**TASK OBJECTIVE:** Take the listing below and print exactly the lines starting at the line containing "De lage bijzettafel" and ending at the line containing "各種干擾脈沖波形的頻譜。輻射", both ends included, and no others.

**INFORMATION SUPPLIED:**

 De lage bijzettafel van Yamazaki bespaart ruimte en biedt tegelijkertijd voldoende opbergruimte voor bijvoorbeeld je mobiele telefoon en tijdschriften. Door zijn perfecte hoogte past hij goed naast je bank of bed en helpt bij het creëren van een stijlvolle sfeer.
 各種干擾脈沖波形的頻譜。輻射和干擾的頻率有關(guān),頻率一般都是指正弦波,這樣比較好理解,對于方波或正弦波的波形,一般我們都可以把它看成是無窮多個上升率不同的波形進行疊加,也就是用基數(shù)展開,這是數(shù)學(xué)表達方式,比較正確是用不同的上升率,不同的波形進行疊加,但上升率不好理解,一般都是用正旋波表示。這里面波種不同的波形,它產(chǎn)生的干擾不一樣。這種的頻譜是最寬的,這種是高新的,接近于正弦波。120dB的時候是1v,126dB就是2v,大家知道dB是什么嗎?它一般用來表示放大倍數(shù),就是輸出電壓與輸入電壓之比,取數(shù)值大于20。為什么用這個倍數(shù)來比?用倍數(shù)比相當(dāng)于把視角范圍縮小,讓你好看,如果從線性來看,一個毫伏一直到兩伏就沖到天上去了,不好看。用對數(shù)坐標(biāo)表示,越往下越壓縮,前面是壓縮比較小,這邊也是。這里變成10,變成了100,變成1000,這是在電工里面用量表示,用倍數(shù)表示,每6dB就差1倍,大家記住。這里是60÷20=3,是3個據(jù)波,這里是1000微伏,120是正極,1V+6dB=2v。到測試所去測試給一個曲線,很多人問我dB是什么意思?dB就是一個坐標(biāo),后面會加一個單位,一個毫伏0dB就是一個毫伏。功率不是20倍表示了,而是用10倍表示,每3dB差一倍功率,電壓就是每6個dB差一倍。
...
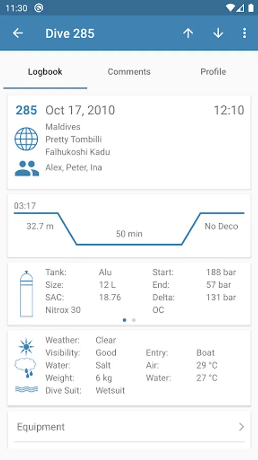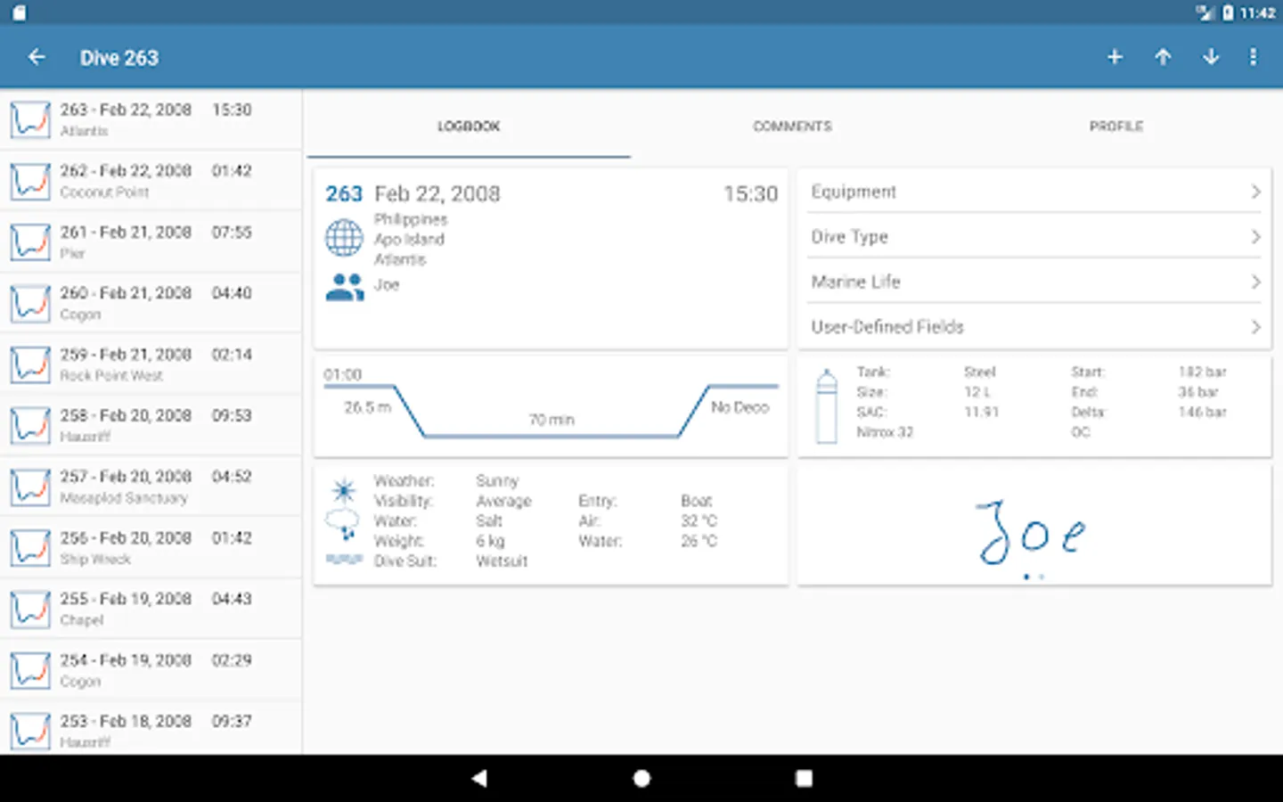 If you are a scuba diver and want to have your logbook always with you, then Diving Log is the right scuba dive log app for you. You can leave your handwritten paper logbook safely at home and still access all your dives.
---
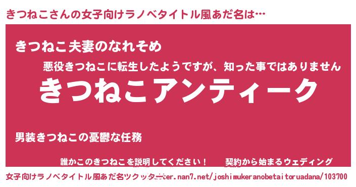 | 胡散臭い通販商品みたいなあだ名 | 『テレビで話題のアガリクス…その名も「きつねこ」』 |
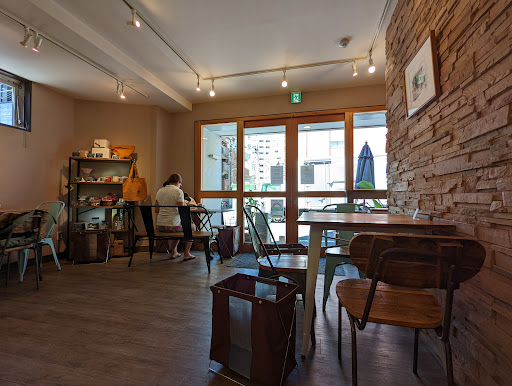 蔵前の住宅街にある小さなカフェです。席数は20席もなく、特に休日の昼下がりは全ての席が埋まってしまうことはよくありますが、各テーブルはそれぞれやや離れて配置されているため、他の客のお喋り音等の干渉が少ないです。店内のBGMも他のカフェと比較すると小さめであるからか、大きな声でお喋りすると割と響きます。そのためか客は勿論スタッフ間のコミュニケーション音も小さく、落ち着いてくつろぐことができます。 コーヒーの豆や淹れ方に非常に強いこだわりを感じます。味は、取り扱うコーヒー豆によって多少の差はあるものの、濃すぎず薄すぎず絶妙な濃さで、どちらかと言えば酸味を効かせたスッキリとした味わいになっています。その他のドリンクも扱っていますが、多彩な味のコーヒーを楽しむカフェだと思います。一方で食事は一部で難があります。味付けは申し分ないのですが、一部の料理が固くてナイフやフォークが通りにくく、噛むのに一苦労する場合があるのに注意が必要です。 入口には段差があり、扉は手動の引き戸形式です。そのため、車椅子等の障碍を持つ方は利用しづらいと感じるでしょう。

**SOLUTION FOR THIS EXERCISE:**
 De lage bijzettafel van Yamazaki bespaart ruimte en biedt tegelijkertijd voldoende opbergruimte voor bijvoorbeeld je mobiele telefoon en tijdschriften. Door zijn perfecte hoogte past hij goed naast je bank of bed en helpt bij het creëren van een stijlvolle sfeer.
 各種干擾脈沖波形的頻譜。輻射和干擾的頻率有關(guān),頻率一般都是指正弦波,這樣比較好理解,對于方波或正弦波的波形,一般我們都可以把它看成是無窮多個上升率不同的波形進行疊加,也就是用基數(shù)展開,這是數(shù)學(xué)表達方式,比較正確是用不同的上升率,不同的波形進行疊加,但上升率不好理解,一般都是用正旋波表示。這里面波種不同的波形,它產(chǎn)生的干擾不一樣。這種的頻譜是最寬的,這種是高新的,接近于正弦波。120dB的時候是1v,126dB就是2v,大家知道dB是什么嗎?它一般用來表示放大倍數(shù),就是輸出電壓與輸入電壓之比,取數(shù)值大于20。為什么用這個倍數(shù)來比?用倍數(shù)比相當(dāng)于把視角范圍縮小,讓你好看,如果從線性來看,一個毫伏一直到兩伏就沖到天上去了,不好看。用對數(shù)坐標(biāo)表示,越往下越壓縮,前面是壓縮比較小,這邊也是。這里變成10,變成了100,變成1000,這是在電工里面用量表示,用倍數(shù)表示,每6dB就差1倍,大家記住。這里是60÷20=3,是3個據(jù)波,這里是1000微伏,120是正極,1V+6dB=2v。到測試所去測試給一個曲線,很多人問我dB是什么意思?dB就是一個坐標(biāo),后面會加一個單位,一個毫伏0dB就是一個毫伏。功率不是20倍表示了,而是用10倍表示,每3dB差一倍功率,電壓就是每6個dB差一倍。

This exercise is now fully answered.